Selling prices increase
In the wake of the energy shock and the supply side disruptions, input costs increased at the fastest level since 2022. Despite the slowdown in growth, output price inflation reached the highest level in 37 months. This is important, as ECB President Christine Lagarde stated during the March press conference that the ECB would be particularly attentive to selling price expectations of firms.

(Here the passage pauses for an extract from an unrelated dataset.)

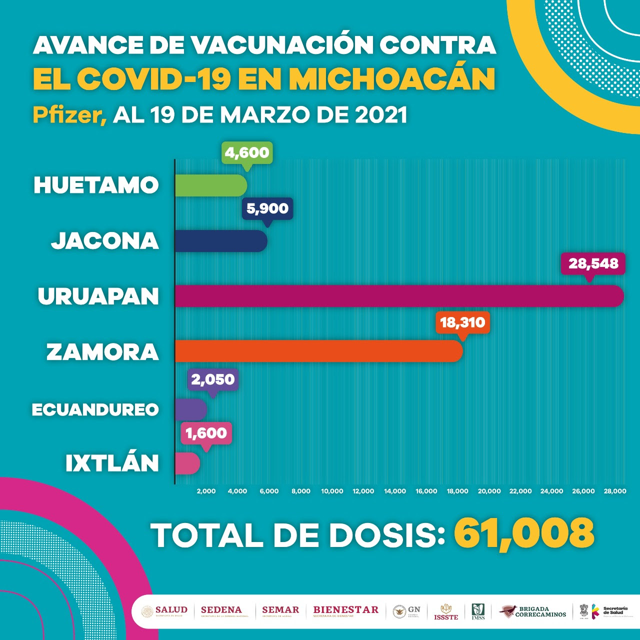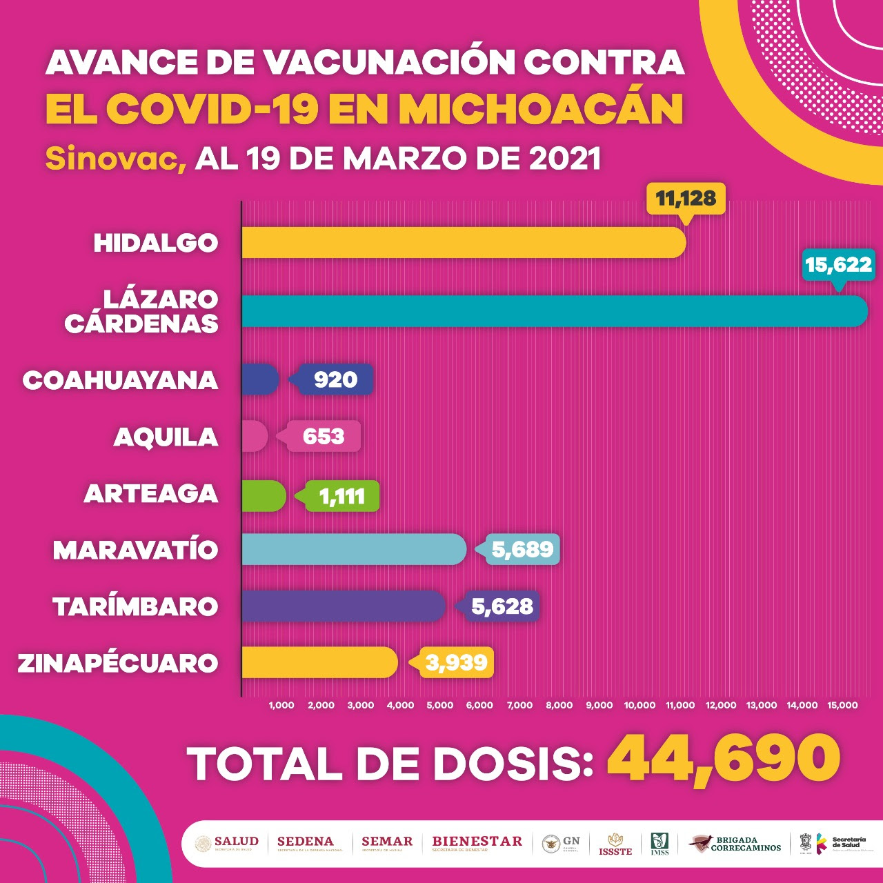 Este viernes 19 de marzo se comenzará a vacuna en el municipio de Nuevo Urecho y el sábado 20 de marzo arrancará este proceso en Morelia y Zitácuaro, a efecto de seguir protegiendo a este sector de la población.

The fact that the S&P website temporarily couldn’t cope with the amount of traffic after the PMI release only illustrates how crucial this report is ahead of next week’s ECB meeting. Lagarde said in a recent speech that the uncertainty about the duration of the shock and the breadth of pass-through argues for gathering more information before drawing firm conclusions for monetary policy. This seems to make a change in interest rates next week still rather unlikely. However, the current PMI report shows that, despite the slowdown, some second round price effects are already arising. That might push the central bank into at least one rate hike later this year, to prevent the current inflation increase from raising inflation expectations.